The Strain, Guillermo del Toro & Chuck Hogan

The Strain, Guillermo del Toro & Chuck Hogan

Morrow, 2009, 401 pages, C$34.99 hc, ISBN 978-0-06-155823-8

Any review of Guillermo del Toro and Chuck Hogan’s The Strain can start from an embarrassing number of attention-grabbing hooks: The celebrity stunt-writing aspect; the resurgence of the evil-vampire breed; the post-9/11 New York setting; the first-book-in-a-trilogy angle.  They all compete for attention, obscuring the fact that the book reads like an average middle-of-the-road horror novel with techno-thriller overtones.

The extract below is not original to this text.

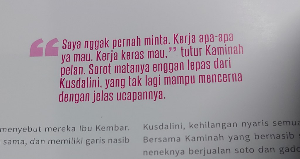Mana rumahnya udah bobrok banget. Sekali sebulan Mbah Kaminah nemenin Mbah Kusdalini berobat pake BPJS karena penyakit tua dan Mbah Kusdalini ada demensia. Something that I can relate to because my mom also has it. It’s tough and it must be tough for Mbah Kaminah as well. Temen hidupnya yang dia kenal dari usia muda, dari masih kuat dan prima, yang sama-sama berjuang untuk bisa survive, menua dengan demensia dan kondisi kesehatan lainnya.

It would be easy to focus exclusively on Guillermo del Toro, who’s one of the finest genre horror director currently working.  Few others combine his rich affection for the fantastic, his storytelling skills and his strong visual imagination.  But his obvious influence on The Strain seems limited to two things.  First: how the vampires have a striking similarity to the ones in del Toro’s own Blade 2.  Second, how his name alone seems to have added 5$ to the book’s cover price for a shoddily-made hardcover.  Otherwise, one would assume that the book has been written in more or less the same way as other celebrity collaborations: Ideas and concepts from the celebrity, actual writing from the below-the-line writer. In this case Chuck Hogan, taking a detour in horror after his rather good crime novels Prince of Thieves and others.

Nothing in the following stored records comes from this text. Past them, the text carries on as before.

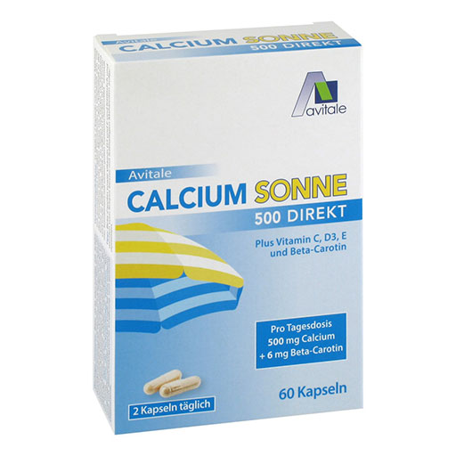 Avitale CALCIUM SONNE ist eine Nahrungsergänzung auf Basis von Calcium, Beta-Carotin sowie den Vitaminen C, D3 und E.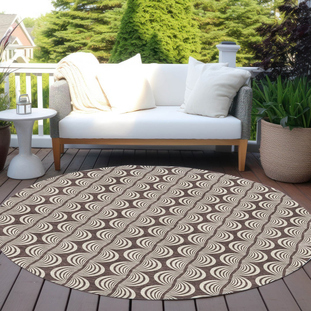 - Crafted from durable polyester, this stain resistant outdoor rug features a stylish copper and beige color scheme that enhances any space.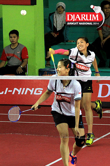 Jessica Muljati/Yulia Yosephine (Shamrock Medan) menyambar pengembalian dari Deariska Putri/Sri Wulan (Djarum Kudus/Jaya Raya)

The resurgence of the evil vampire as an antagonist is only noteworthy thanks to a blip in popular culture that, from Lestat de Lioncourt to Edward Cullen while passing through a good chunk of the paranormal romance genre, had momentarily de-fanged the vampire in quasi-genre literature.  One notes, however, that most of this vampiric denaturation has occurred at the borders of the genre, and not too often within horror itself: The “return of the evil vampire” was never needed for core horror fans.  Still, del Toro and Hogan make no secret of what they’re trying to do in this novel: As vampires land in Manhattan, it’s time for a zombie epidemic scenario featuring blood-suckers.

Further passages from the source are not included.